# Calculos para un dimmer



## rizomorfo (Jul 4, 2009)

hola, alguien me podria decir como calcular los angulos de retraso y de conduccion (en mS) en el siguiente diagrama (ejemplo basico de un dimmer)


----------



## betoelectronico (Jul 8, 2009)

ese circuito q pusiste generalmente se lo usa para variar la intensidad luminica. y la resistencia de 8.2kohm y el capacitor 0.047uf sirven para corregir el problema de histeresis que se presenta.
Si vos le sacas esa resistencia y ese capacitor puedes sacar el tiempo considerando esta ecuacion:

t= C*R*Ln (E/E-Vc)  donde C=0.1uF ,R= 8,2kohm + 250kohm ,E=220v,Vc=Vd(voltaje de disparo del DIAC)
fijate si te sirvio de algoo


----------



## rizomorfo (Jul 8, 2009)

T = 0,0000001 Faradios * 258200Ohms * Ln(220/220-30) = 3,785mS  (intensidad minima)
T = 0,0000001 Faradios * 8200Ohms * Ln(220/220-30) = 0,12mS (intensidad maxima)
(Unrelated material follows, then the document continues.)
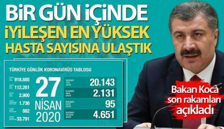 Türkiye'de son 24 saatte 95 kişi hayatını kaybetti, 2 bin 131 yeni tanı kondu, 4 bin 651 kişi de iyileşti Sağlık Bakanı Fahrettin Koca, Türkiye'deki yeni tip korona virüs (Kovid-19) salgınına ilişkin son verileri Twitter hesabı üzerinden paylaştı.
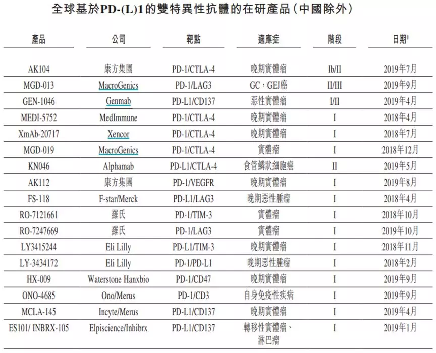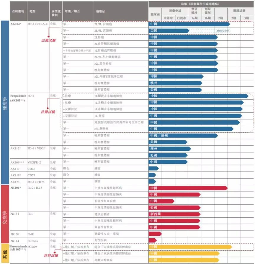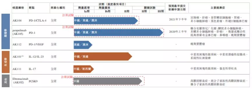 AK104属于新型的PD-1/CTLA-4双特异性抗体,主要适应症包括宫颈癌、肝癌、食管鳞状细胞瘤、胃癌等。根据资料,AK104目前处于关键试验的II期,预计最早2021年下半年提交新药申请。

Hay algo que no me cierra del segundo resultado, a 50hz a los 0,12mS no debería haber 30v como para activar el DIAC. 

----

Pregunta desde la ignorancia: el sistema no funciona como un divisor de tension entre el potenciometro y el capacitor de 100nF?


----------



## betoelectronico (Jul 9, 2009)

te corrijo una cosa:el resultado que obtienes de la ecuacion que te di..es de tiempo, no de intensidad o corriente,como pusiste en el parentesis.
otra cosita, la resistencia y el potenciometro sirven para determinar la velocidad con que el capacitor se cargara. considerando la constante taos= R*C.  cuanto mas grande sea esta constante, mas tiempo demorara el capacitor en llegar al valor de voltage Vd que hara disparar el TRIAC.
me entiendes ahora?


----------



## betoelectronico (Jul 9, 2009)

si quieres diseñar este circuito...tienes que partir de esta ecuacion diferencial..
E=Vr(voltaje en la resistencia y potenciometro) + Vc (voltaje en el capacitor)
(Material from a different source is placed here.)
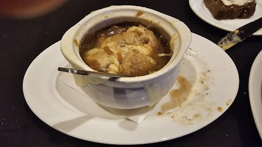 The onion soup was bland. We could tell because it didn't have that rich brown color that onion soup has when it has been simmering all day. The lobster bisque had very little lobster meat in it and, again, was bland.

E= i(t) R + 1/C (integral)i(t)dt  ----->  dE(t)/dt=di(t)/dt *R +  i(t)*1/C   

considerando una entrada senoidal----> E(t)= E(pico) sen wt 

reemplaza en la ecuacion diferencial ,el valor de E(t) y de ahi obtene los valores de capacidades y resistencia.
espero que te haya servido de algo.
saludos.


----------